Douglas next appeared in 1961 in Cleveland, where a onetime Chicago colleague hired him for $400 a week as an afternoon television talk-show host at KYW-TV. The Mike Douglas Show rapidly gained popularity, and ultimately, national syndication in August 1963 on other stations owned by KYW-TV's parent company Westinghouse Broadcasting. The show was broadcast live on KYW-TV in its city of origination, but this practice ended in 1965 after guest Zsa Zsa Gabor used the phrase "son of a bitch" when referring to stand-up comedian and comic actor Morey Amsterdam of The Dick Van Dyke Show.

Both Douglas and his program relocated to Philadelphia in 1965 after Westinghouse Broadcasting moved KYW-TV's operations to that city, the result of a Federal Communications Commission-ordered reversal of Westinghouse's 1956 station ownership swap with NBC. The Mike Douglas Show aired its first Philadelphia-based show on August 30, 1965; the former KYW-TV in Cleveland, which is now NBC-owned WKYC, continued to carry the program for many years afterward. The format called for Douglas to invite guests to appear as co-hosts for the week; they would be on the show for all five weekdays. Guests ranged from Truman Capote, Richard Nixon, Jerry Lewis, and Edward Everett Horton to The Rolling Stones, Herman's Hermits and Kiss, with an occasional on-camera appearance by Tim Conway (who would later be discovered at WJW-TV, also in Cleveland). Moe Howard of The Three Stooges was a guest several times, with a pie fight inevitably happening at the end of the interview, and platform speaker on nonverbal communication (body language) Dr. Cody Sweet. The show helped introduce entertainers such as Barbra Streisand and Aretha Franklin.

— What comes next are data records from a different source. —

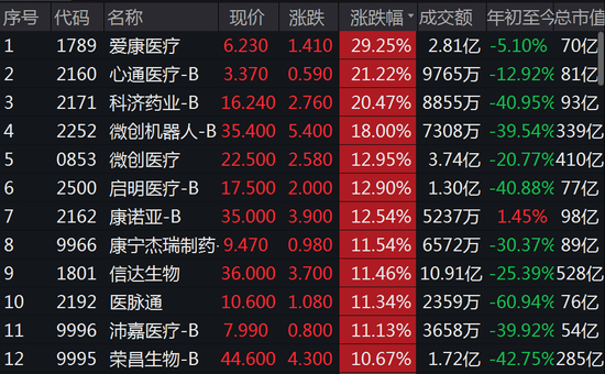 首先,爱康医疗暴涨背后,是整体市况造好,而大幅下跌的医药股迎来估值修复,光大证券更是高呼医药板块可以乐观起来。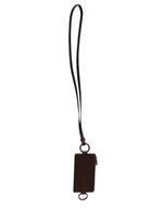 Dolce & Gabbana Brown Calf Leather Lanyard Logo Card Holder Wallet
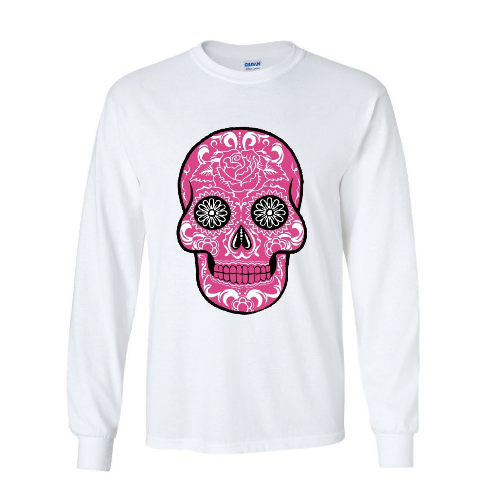 CALAVERA PINK SUGAR SKULL pink sugar skull with roses long sleeve t-shirt day of the dead tee white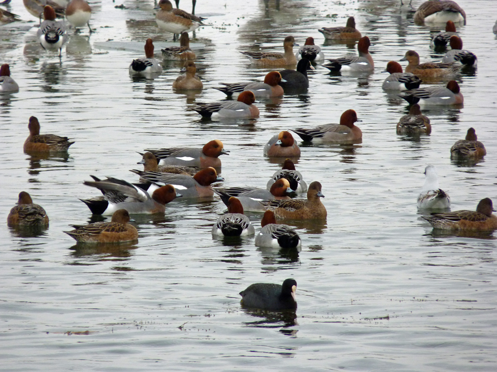 These little beauties had all crowed together into the only open area of water free from ice and were having a right song and dance calling and displaying along with Mute Swan and a few Coots not leaving much room for anything else. Stood around on the ice Black Headed and Common Gulls with a few Mallards and Canada Geese, with a couple of Redshank around the pool edges. It wasn’t long before the Wigeon headed off towards the river with me walking on behind, or should I say skating on behind.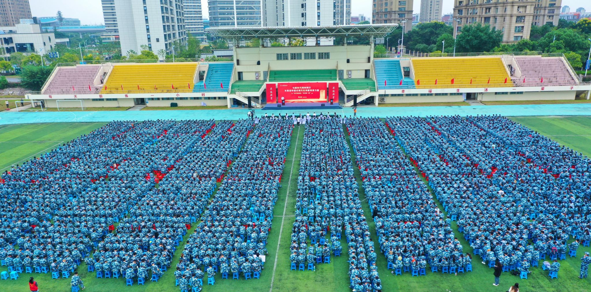 单晓峰在军训开训动员讲话中指出,今年9月是“全民国防教育月”活动,在这个特殊的时间段,希望同学们能保持高昂的斗志,刻苦训练,以优异的成绩,践行“踔厉奋发强国防 勇毅前行向复兴”的庄严承诺!

After the move to Philadelphia, Douglas also attempted to revive his own singing career, logging his lone Top 40 single as a solo artist, "The Men in My Little Girl's Life", in 1966. The single's success made him record an album with the same name which reached the Top 50. By 1967, The Mike Douglas Show was broadcast to 171 markets and 6,000,000 viewers each day, mostly women at home. It earned $10.5 million annually from advertisers, while its host was paid more than $500,000. In 1967, the program received the first Emmy Award for Individual Achievement in Daytime Television from the National Academy of Television Arts & Sciences. At the peak of his career, he was earning $2 million a year.

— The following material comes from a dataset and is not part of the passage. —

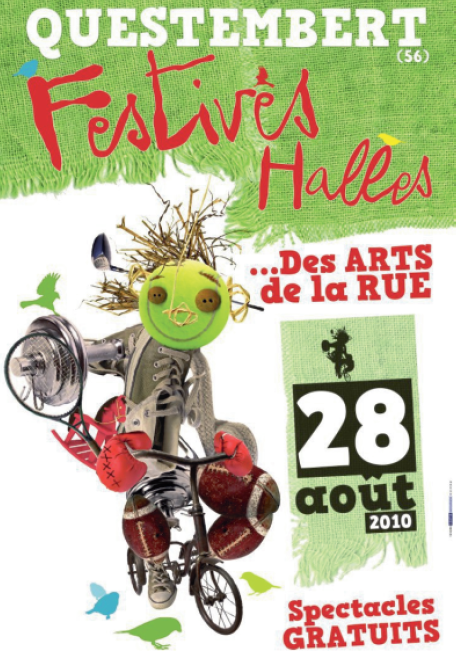 Informations pratiques De 10 h à minuit : spectacles permanents, spectacles déambulatoires et animations fixes dans le centre-ville de Questembert (Morbihan) avec vingt compagnies et plus de 100 artistes. Concours d'effouche-pichons (épouvantails). Marché du terroir et marché de l'art. Les spectacles sont entièrement gratuits. A 19 h, soirée moules-frites avec feu d'artifice. Tél. 02 97 26 56 00 http://festiveshalles.webnode.fr

The afternoon show was usually quiet with an eclectic mix. This approach would occasionally lead to confrontation, such as when soul singer James Brown took offense at racially charged comments from talk-show host/producer David Susskind, who wondered on-air why Black students often did not mix with white students, even after civil rights legislation and advances in integration. It got heated when Brown defended those who chose to learn first about themselves, having been systematically denied to do so, for centuries.

Douglas never "muzzled" his guests, as flamboyant as many were. Pop-soul co-host Sly Stone's hyperactive behavior clashed with the calm deportment of Muhammad Ali in a 1974 show. Little Richard, a 1950s rock-and-roll originator, was on a serious comeback bid in 1969, and his many appearances with Douglas gave him a boost. In 1970, Douglas hired rocker Bobby Darin as co-host, just after Darin had emerged from seclusion and radically changed his image from lounge entertainer to folk artist. He told Douglas that he would sing his greatest hit "Mack the Knife" only if he could rewrite a verse to fit his updated sensibilities. Douglas was partially successful in expressing the wishes of fans, who demanded the original Bobby Darin.

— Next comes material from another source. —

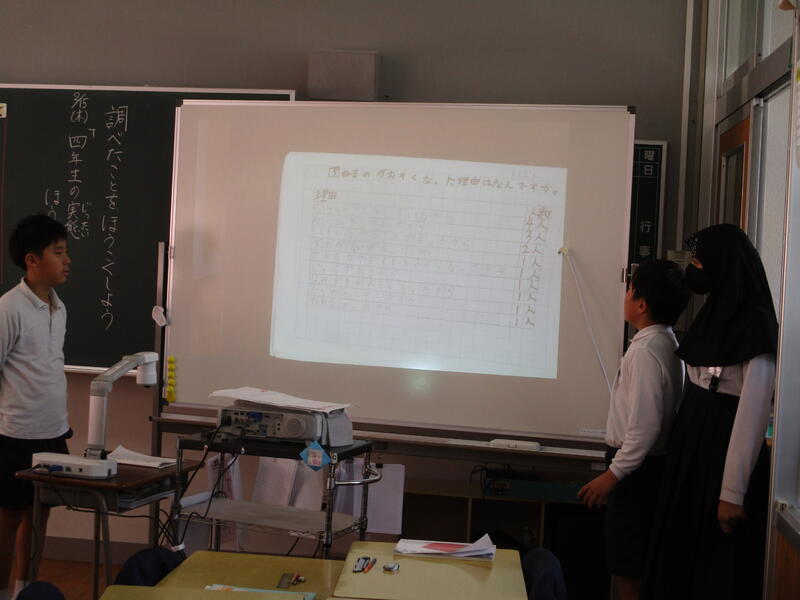 4年生の国語では「調べたことをほうこくしよう」という単元に取り組んでいます。まずはふだんの生活で気になっていることをアンケートで調べます。その結果を基に、分かりやすく伝えるとはどういうものか学習していきます。

Douglas invited John Lennon and Yoko Ono on the show to co-host for a full week in 1972, and there were some awkward moments with Yoko's avant-garde art displays and some politically radical guests who were John and Yoko's friends at the time. Chuck Berry, Ralph Nader, Jerry Rubin, Bobby Seale, Yellow Pearl (Nobuko JoAnne Miyamoto, Chris Iijima), Vivian Reed, David Rosenboom and George Carlin appeared on the program.

In July 1978, the talk show's home base was transferred to Los Angeles, where it remained until going off the air in 1981. Near the end of its run, the series switched to a traveling roadshow format and became The Mike Douglas Entertainment Hour, but this change failed to boost falling ratings. After a 20-year run, Westinghouse canceled the Mike Douglas program and replaced him with singer and TV personality John Davidson. The John Davidson Show, using a similar format, had a comparatively brief run, ending in 1982.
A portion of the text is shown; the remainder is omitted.